There are multiple reasons that might explain why our molecular technique was not 100 % successful in identifying nest predators. The most likely explanation is that the DNA had degraded beyond our detection ability. If the eggs were collected too long after the depredation event, and depending on weather conditions, the DNA could degrade quickly [47]. Increasing the number of visitations to nests to shorten the time intervals between predation and discovery is unlikely to be a feasible approach to limit DNA degradation. Intensified human disturbance can increase the chances of nest abandonment or predation which would be counterproductive to conservation goals [7, 48]. One way to increase the success rate of detecting degraded DNA would be to target a smaller fragment. However, this approach has drawbacks because resolution can be lost for differentiating recently derived species when using shorter fragments of DNA but this shortcoming could be addressed by using genes with higher mutation rates.
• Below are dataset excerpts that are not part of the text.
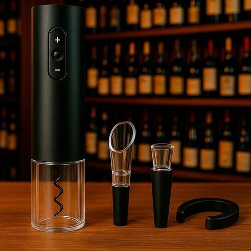 Abridor de vinho elétrico com cortador de folha, derramador e rolha a vácuo. Remove rolhas em 5 a 7 segundos. Mantém a garrafa de vinho aberta fresca por 7 dias com a rolha a vácuo.Vendido e entregue por Olist
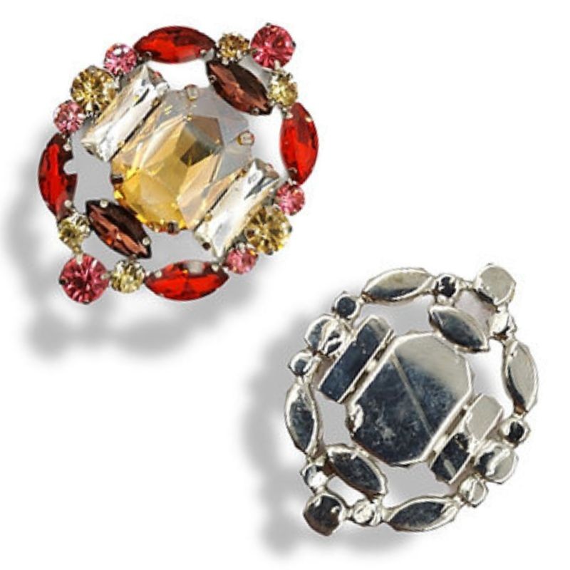 Applicazione realizzata con pietra centrale color champagne e con pietre di altre forme e colori, saldate a formare un unico corpo.H: 6 cm x 4,5 cm
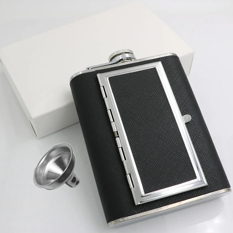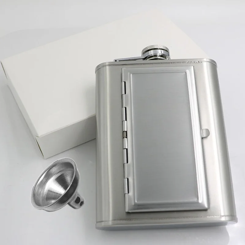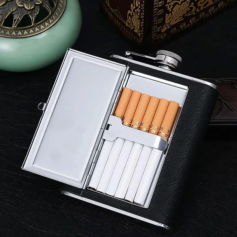 Pocket Whiskey Vodka Flasks for Alcohol with Cigarette Case Stainless Steel Portable Creative Alcohol Bottle Groomsmen Gift 6 Oz
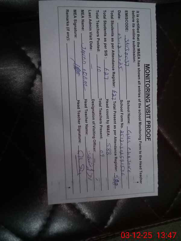 | Name: M.SH**** Designation: (School Headmaster's/Headmistress's) Headmaster Phone/Cell Number: 03**** |
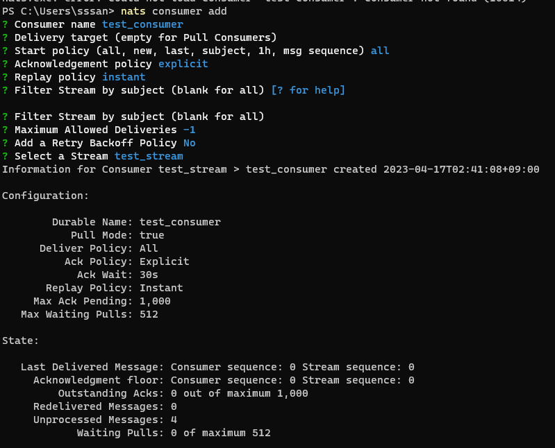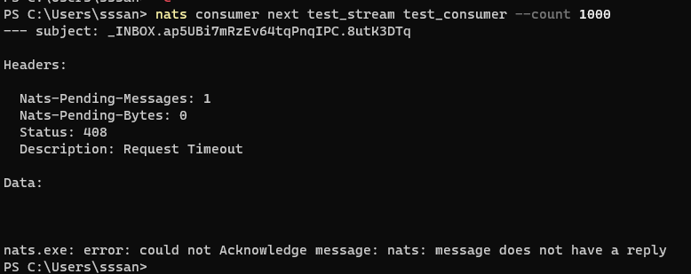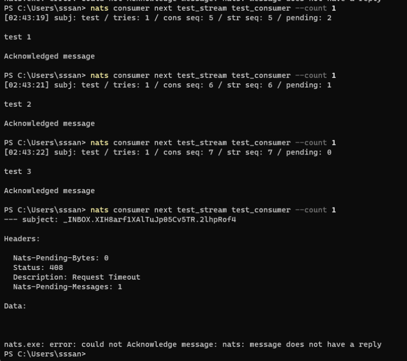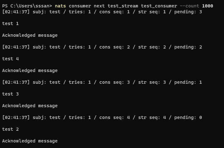 nats consumer next [stream] [consumer] --count [๊ฐ์ ธ์ฌ๊ฐ์]nats consumer next test_stream test_consumer --count 1000

Increasing the sensitivity of the PCR assay through optimization is one way to account for DNA degradation. For example, we increased the number of PCR cycles to 52 for microsatellite Set B which allowed us to obtain a higher percentage of full genotypes. However this high number of cycles could increase the chance of false alleles. In fact, any optimization strategy could increase non-specific amplification which could decrease the accuracy of species identification.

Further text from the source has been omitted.